When the Second World War broke out he, like many other ex-brigaders, was at first barred from entry into the armed forces. However, following pressure from his superior at the Labour Exchange (who insisted that he volunteer), on 4 February 1940 he joined the Army Pay Corps. He was interviewed about his background in Spain by a Captain, who said that he knew that David ‘was Communistic or fascist’. However, David received no discrimination over his time in ‘Red’ Spain though, even as a corporal, he was never placed on guard duty when abroad.

An attempt to volunteer as a glider pilot failed when the optician twigged that the short-sighted David had memorised the eye-chart beforehand, and David transferred instead to the Army Engineers. He took part in the D-Day landings in Normandy in June 1944 and also witnessed the liberation of Belsen concentration camp, altogether serving six years in the army. Demobilised in April 1947, he returned, once again, to his old job in the Ministry of Labour, where he remained until 1961, when he moved to London and began work as a joiner with the Theatre Workshop. Between 1963 and 1973 he had a small studio, building scenery for theatres and exhibitions.
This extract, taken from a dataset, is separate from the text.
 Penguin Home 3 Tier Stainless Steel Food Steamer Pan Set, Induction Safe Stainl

In 1975 his wife, Joyce, died of cancer after a long illness and David bought and lovingly re?furbished a 90ft. sailing barge, ‘Jock’ where he lived, hosting exhibitions and dinners. His impromptu – and extremely lively – parties are still famous to this day. In 1982 David sold ‘Jock’ and bought an 85ft. long Dutch Barge, ‘Zwerver’, on which he lived until 1992, when he moved in with his long-time partner, the actress Marlene Sidaway.

Following the death of Bill Alexander, the secretary of the IBA in 2000, David was at the forefront in pressing for the admission of family members and friends, leading to the establishment of a new charitable organisation, the International Brigade Memorial Trust (IBMT), for which he continued to donate considerable time and money. In November of the same year, the ‘articulate, poetry-loving 84 year old’ was amongst a number of Spanish veterans photographed and interviewed for a special piece in The Guardian.
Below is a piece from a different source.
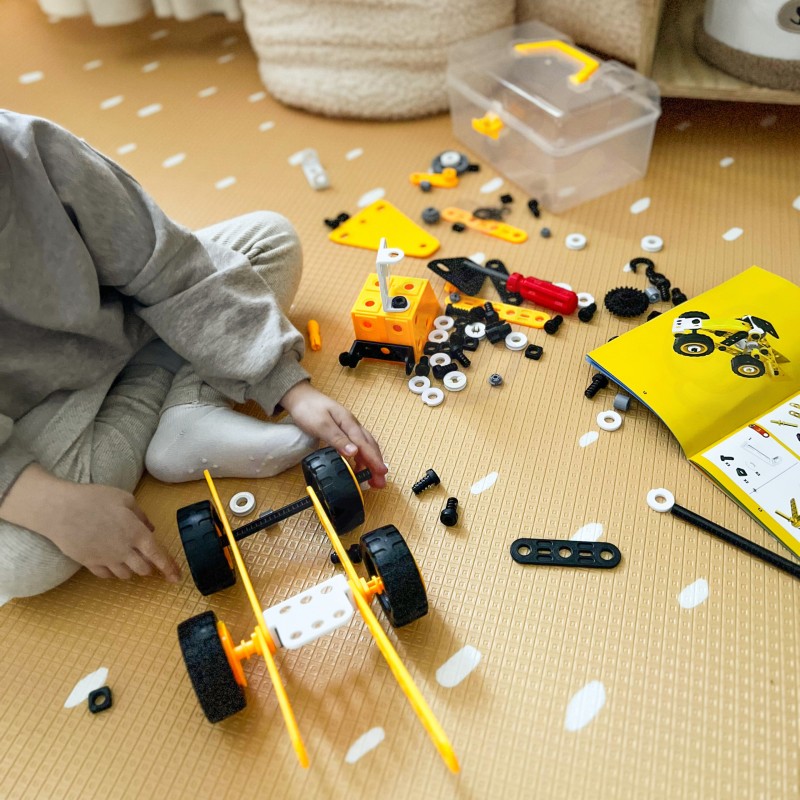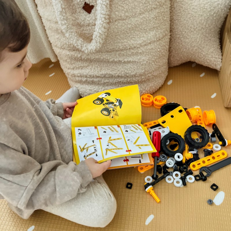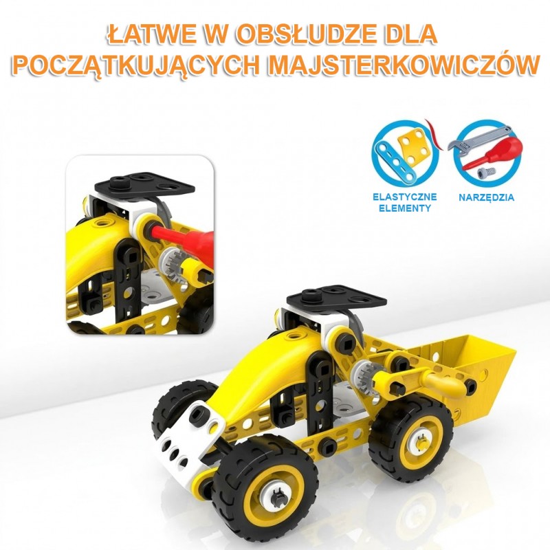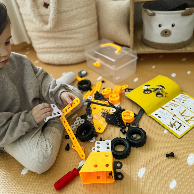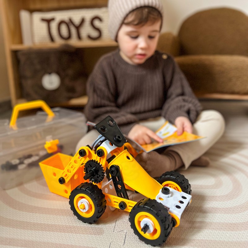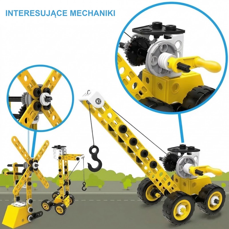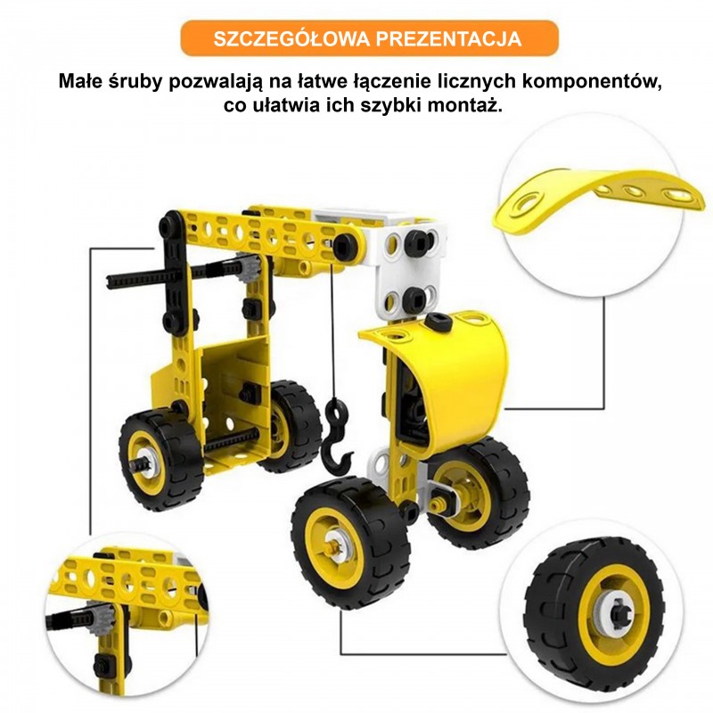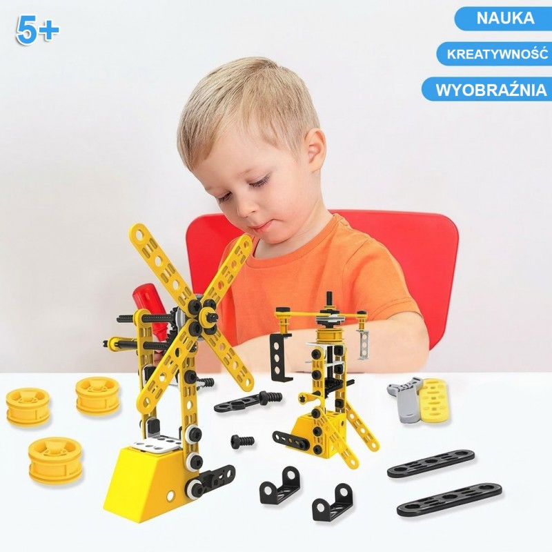 Zestaw konstrukcyjny 8w1 marki WOOPIE to zaproszenie do fascynującego świata inżynierii, gdzie każdy mały budowniczy może poczuć się jak prawdziwy twórca i odkrywca. Dzięki bogatej kolekcji różnorodnych elementów dzieci mają szansę samodzielnie skonstruować ruchome maszyny, od potężnego dźwigu i obracającego się wiatraka, po zwrotną ciężarówkę. Prosty i intuicyjny system łączenia części za pomocą bezpiecznych narzędzi sprawia, że składanie modeli dostarcza mnóstwa radości oraz buduje ogromne poczucie satysfakcji z własnoręcznie wykonanej pracy. To nie tylko doskonały sposób na wciągające zajęcie czasu, ale przede wszystkim mądra zabawa w duchu STEAM, która naturalnie rozbudza ciekawość świata, uczy cierpliwości i zachęca do pierwszych eksperymentów z mechaniką.

David continued to write poetry throughout his life and eventually, a collection, The Tilting Planet, was published early in 2005. When, at the launch of the book of his poems a number of them were read by a number of well-known actors and actresses out to a packed audience, even David- always fiercely determined to downplay his own importance- could not disguise his pleasure and pride. This was to be David’s last public appearance.
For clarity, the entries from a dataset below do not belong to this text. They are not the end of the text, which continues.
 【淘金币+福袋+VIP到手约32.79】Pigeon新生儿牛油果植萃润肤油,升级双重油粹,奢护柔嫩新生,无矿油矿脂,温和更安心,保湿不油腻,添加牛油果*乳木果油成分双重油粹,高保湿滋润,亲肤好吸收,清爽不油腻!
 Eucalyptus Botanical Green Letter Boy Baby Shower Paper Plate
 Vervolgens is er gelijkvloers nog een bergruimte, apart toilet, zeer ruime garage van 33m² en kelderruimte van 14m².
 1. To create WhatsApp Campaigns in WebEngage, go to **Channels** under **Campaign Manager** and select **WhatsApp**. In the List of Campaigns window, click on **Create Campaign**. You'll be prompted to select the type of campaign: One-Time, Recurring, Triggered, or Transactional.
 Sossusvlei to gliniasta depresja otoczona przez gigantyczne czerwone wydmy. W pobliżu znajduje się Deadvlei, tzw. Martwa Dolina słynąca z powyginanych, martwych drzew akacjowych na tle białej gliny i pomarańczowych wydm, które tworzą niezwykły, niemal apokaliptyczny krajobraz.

The International Brigades and Spain’s struggle for democracy remained David’s abiding passions and his work on the committees of the IBA and later the IBMT were an important part of this, where David’s cantankerous charm reflected a singular impatience for protocol. But it was in his poetry, that David Marshall’s true, sensitive nature was revealed:

I sing of my comrades
That once did sing
In that great choir at Albacete
Before the battle.
Rank after rank
Of the young battalions
Singing the Internationale
They came from every corner of the earth
So many men from distant lands
Each with his private history
Of Spain’s Republic.

Along slow roads to Spain – at last a star
For desperate men, sensing the gathering storm
And we that fought to warn a watching world
Were called false prophets by appeasers
Yet we fought for the poor of the world.

Our lullabies were soldiers’ songs
Dead in the mud of the trenches
Sung by sad women to the sons of the fallen.
And remembered in Remembrance Day long past
After the thudding drum and shriek of bugles
I listened to the slow lament
For brothers, sons and lovers lost.
It is the sadness in the singing,
The undertones of woe,
The deep vein of grief
That throbs throughout my generation.

David Marshall, International Brigader and poet, 27 March 1916 to 19 October 2005.